Then in 2014 Private Ryan evolved his marquee sound and Soca Brainwash brand into the premiere festival of Trinidad Carnival. Unlike most parties during Carnival that are packed with live performances by artists like Machel Montano, Bunji Garlin, or Destra, Ryan's party is headlined by an international cast of DJs and MCs — and it's quickly become the hardest ticket to cop. Right now, as you read this, would-be attendees are paying steep mark-ups on tickets in the booming scalpers market. With Trinidad’s marathon run of BYOB cooler fetes, musician-studded concerts stacked with performers, and sunrise breakfast parties, rising above the fray was no easy feat.
The FADER spoke with Private Ryan as he prepped for the debut of the 2017 Soca Brainwash mix to find out how he made the transition from college scene DJ to an international festival entrepreneur.
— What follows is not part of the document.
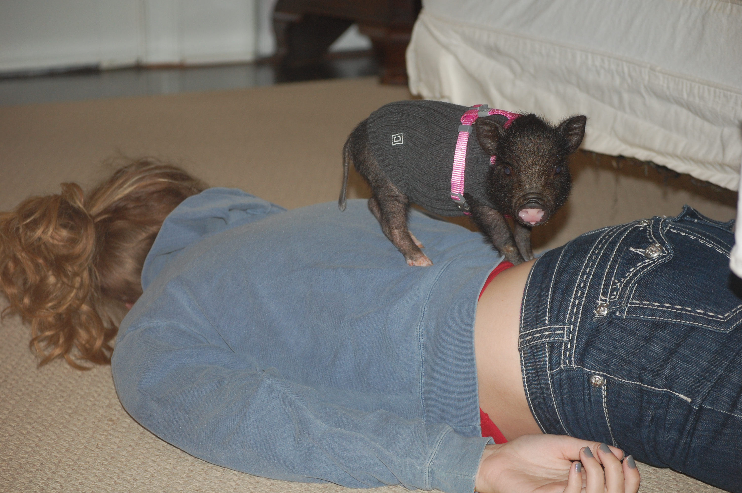 That pig is smart. She flirted and shamelessly threw herself at him all night, rolling over to expose a giant swollen underbelly so fecund and obscene that I felt embarrassed and looked away. When he sat in a chair, she tried to climb up into his lap.

During the Carnival season, you're playing a slew of fêtes, headlining your own events — Soca Brainwash and Post Carnival Relief — DJ-ing J’ouvert Morning, as well as Monday and Tuesday on the road for the procession of the bands. How do you keep your sets fresh?
How I approach Carnival changes based on the length of the season, which is different every year because Carnival is determined by Ash Wednesday. In the beginning of the season, my set consists of 90-95% new music because people really have to get accustomed to it. I try to rotate those new songs as much as possible to get audiences attuned to what artists are releasing. It's a lot of new music coming out. You can have like five to seven weeks where you have to learn more than 200 songs. As the season progress and people get into to the new music, then I start incorporating some of the older songs for variety.
By the time the Soca Brainwash mix comes around, I have a bunch of different edits, acapellas and mixes. The way I put together my live show is totally different from the way that I play other sets prior to Soca Brainwash. Every weekend I play around with different mixes to see how my MC and I can work together and introduce the music in new ways. It's one genre of music that you're playing for a couple of weeks. The audience will be going to tons of parties so you don't want your set to feel repetitive.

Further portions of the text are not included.